If you’ve now created a web of trust, you need to make Puppet aware of the GPG keys. Firstly, you’ll need to generate a GPG key for your masters. We group our masters into different tiers, dev/stg and prod, and we ensure these keys are distinctly separate. Then, make sure the key is signed by the relevant people, otherwise it’s pretty much useless :)

Once your keys and gpg config are set up, you’ll need to get hiera-eyaml-gpg working.

Install hiera-eyaml-gpg

The installation requirements are clearly spelled out here but for clarity’s sake, I’ll cover the process here. The process is basically the same for both users who’ll be using eyaml to encrypt values, and puppetmasters who will be encrypting values. From an OS perspective, you’ll need to make sure you have the ruby, ruby-devel, rubygems and gpgme packages installed. On CentOS, that looks like this:

sudo yum install ruby gpgme rubygems ruby-devel

Then, install the required rubygems in the relevant ruby path. If you’re using the latest version of puppetserver, you’ll need to install this using puppetserver gem install

sudo gem install gpgme
sudo gem install hiera-eyaml
sudo gem install hiera-eyaml-gpg

The Recipients File

One of the main ways that hiera-eyaml-gpg differs from standard hiera-eyaml is the gpg.recipients file. This file essentially lists the GPG keys that are available to decrypt secrets with a directory in hiera. This is an incredibly powerful tool, especially if you wish to allow users to encrypt/decrypt some secrets in your environment, but not others.

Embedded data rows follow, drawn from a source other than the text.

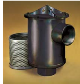
Flow Ezy Texas Filter

In-line filters with flow rates up to 400 gpm, can be used in "up-flow" or "down-flow" applications. Rated to 150 psi. Filtration levels from 25 micron to 595 mi-cron. Can be used for suction or return line applications. Please look at the dia-grams above to see various positioning options. To go directly to the Texas Filter on our web site, click on the link below.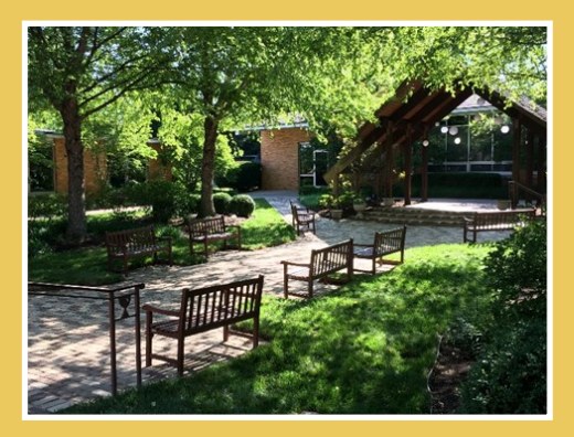
Sunday, October 18, 2:00 PM

DWM members are invited to enjoy a brief celebration in the garden at Crestwood. Piano and harp music provided. Guests should wear masks, and chairs will be socially distanced. Please park in the South Parking Lot (by Glendover school) and enter the courtyard from the Childcare Center doors. Come and help celebrate the 60<sup>th</sup> anniversary of Crestwood Christian Disciples Women's Ministries!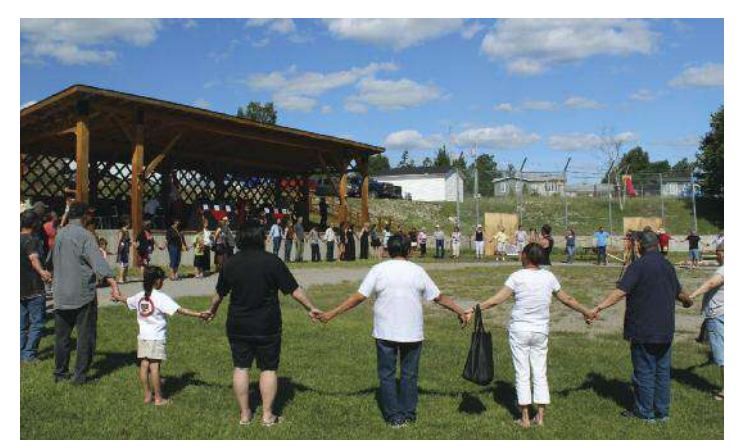
Round dance at Friendship Accord Signing in 2014.

Reflecting on the lessons learned from the CEDI project, Roy spoke of open communication and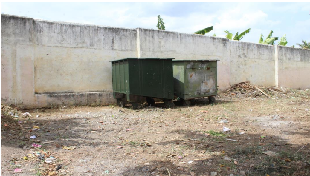
NSS Volunteers of Priyadarshini Engineering College, Vaniyambadi collecting the solid waste in Government Higher Secondary School, Vellakuttai. (After)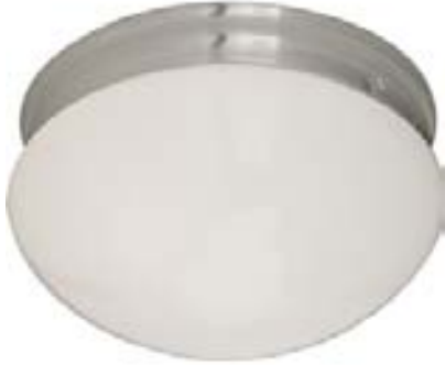
5881WTSN Essentials 2-Light Flush Mount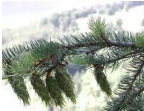
Distinctive cones and bark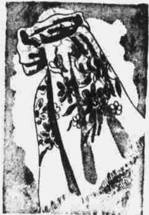
Oblong Ninon Scarf $1.98

When the eyaml command is invoked, it will search in the current working directory for this file, and if one is not found it will go up through the directory tree until one is found. As an example, your hieradats directory might look like this:

├── development
│   ├── app1
│   │   └── hiera-eyaml-gpg.recipients
│   └── app2
│       └── hiera-eyaml-gpg.recipients
└── production
    ├── dc1
    │   ├── base.eyaml
    │   └── hiera-eyaml-gpg.recipients
    ├── hiera-eyaml-gpg.recipients
    └── role.eyaml

With this kind of layout, it’s possible to allow users access to certain app credentials, datacenters or even environments, without compromising all the credentials in hiera.

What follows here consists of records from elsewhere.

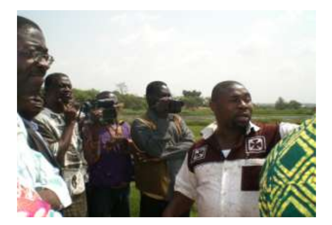
Participants being briefed on the operation at the liquid waste disposal section of the site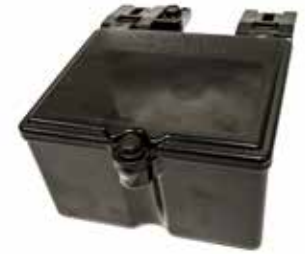
Junction Box R 242-01104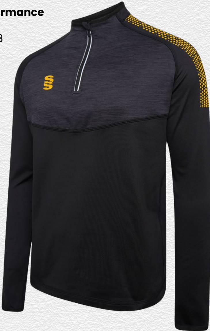
Dual Performance Top DU013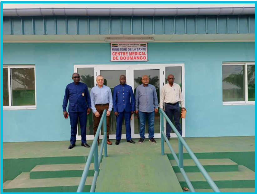
Figure 4: Handover of refurbished BMC to Ministry of Health and Boumango officials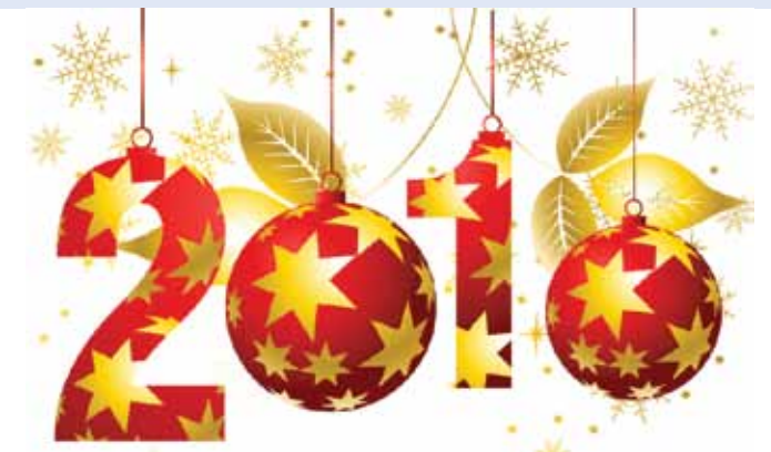
Happy Holidays from the City of Oak Hill

Presorted First Class Mail U.S. Postage PAID Nashville, TN Permit #3731

The format of the hiera-eyaml-gpg.recipients file is simple, it simply lists the GPG keys that are allowed to encrypt/decrypt values:


The value of this can be found in the uid field of the gpg --list-keys command.

Modify hiera.yaml

The final step in the process is to make hiera aware of this GPG plugin. Update to hiera.yaml to look like this:

  - yaml
  - eyaml
  - "nodes/%{clientcert}"
  :datadir: "/etc/puppet/environments/%{environment}/hieradata"
  :datadir: "/etc/puppet/environments/%{environment}/hieradata"
  :gpg_gnupghome: /etc/puppet/.gpghome
  :extension: 'eyaml'

At this point, puppet should use the GPG extension, assuming you installed it correctly previously

Adding an Encrypted Parameter

At this stage, you’ve done the following:

  • Generated GPG keys for all the human users who will be encrypting/decrypting values
  • Generated GPG keys for the puppetmasters which will be decrypting values
  • Shared the public keys around all the above to ensure they’re trusted
  • Installed the components required for Puppet to use GPG keys
  • Set up the hiera-eyaml-gpg.recipients file so hiera-eyaml-gpg knows who can read/write values.

The final step here is adding an encrypted value to hiera. When you did gem install hiera-eyaml you also got a handy command line tool to help with this.

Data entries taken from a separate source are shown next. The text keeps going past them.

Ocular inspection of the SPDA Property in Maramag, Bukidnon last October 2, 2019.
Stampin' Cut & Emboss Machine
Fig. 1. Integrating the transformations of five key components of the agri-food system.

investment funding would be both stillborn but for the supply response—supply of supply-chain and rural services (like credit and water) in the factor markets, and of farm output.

In order to use it simply run the following:

eyaml edit hieradata/<folder>/<file>.eyaml

You’ll be asked to enter your GPG key password, and then you’ll get dropped into an editor with something like this in the header:

#| This is eyaml edit mode. This text (lines starting with #| at the top of the
#| file) will be removed when you save and exit.
#|  - To edit encrypted values, change the content of the DEC(<num>)::PKCS7[]!
#|    block (or DEC(<num>)::GPG[]!).
#|    WARNING: DO NOT change the number in the parentheses.
#|  - To add a new encrypted value copy and paste a new block from the
#|    appropriate example below. Note that:
#|     * the text to encrypt goes in the square brackets
#|     * ensure you include the exclamation mark when you copy and paste
#|     * you must not include a number when adding a new block
#|    e.g. DEC::PKCS7[]! -or- DEC::GPG[]!

As we noted, you’re using the GPG plugin, so add your value like so:

class::class::parameter: DEC::GPG[correct_horse_battery_staple]!

When you save the file, you can cat it again and you’ll see the value is now encrypted:


From here, you can push it to git and have it downloaded using the method you use to grab your config (I hope you’re using r10k!) and the puppetmaster (assuming you set up the GPG encryption correctly!) will be able to decrypt these secret and service it to hosts.

Happy encrypting!

I love Gitlab. With every release they announce some amazing new features and it’s one of the few software suites I consider to be a joy to use. Since we adopted it at $job we’ve seen our release cycle within the OPS team improve dramatically and pushing new software seems to be a breeze.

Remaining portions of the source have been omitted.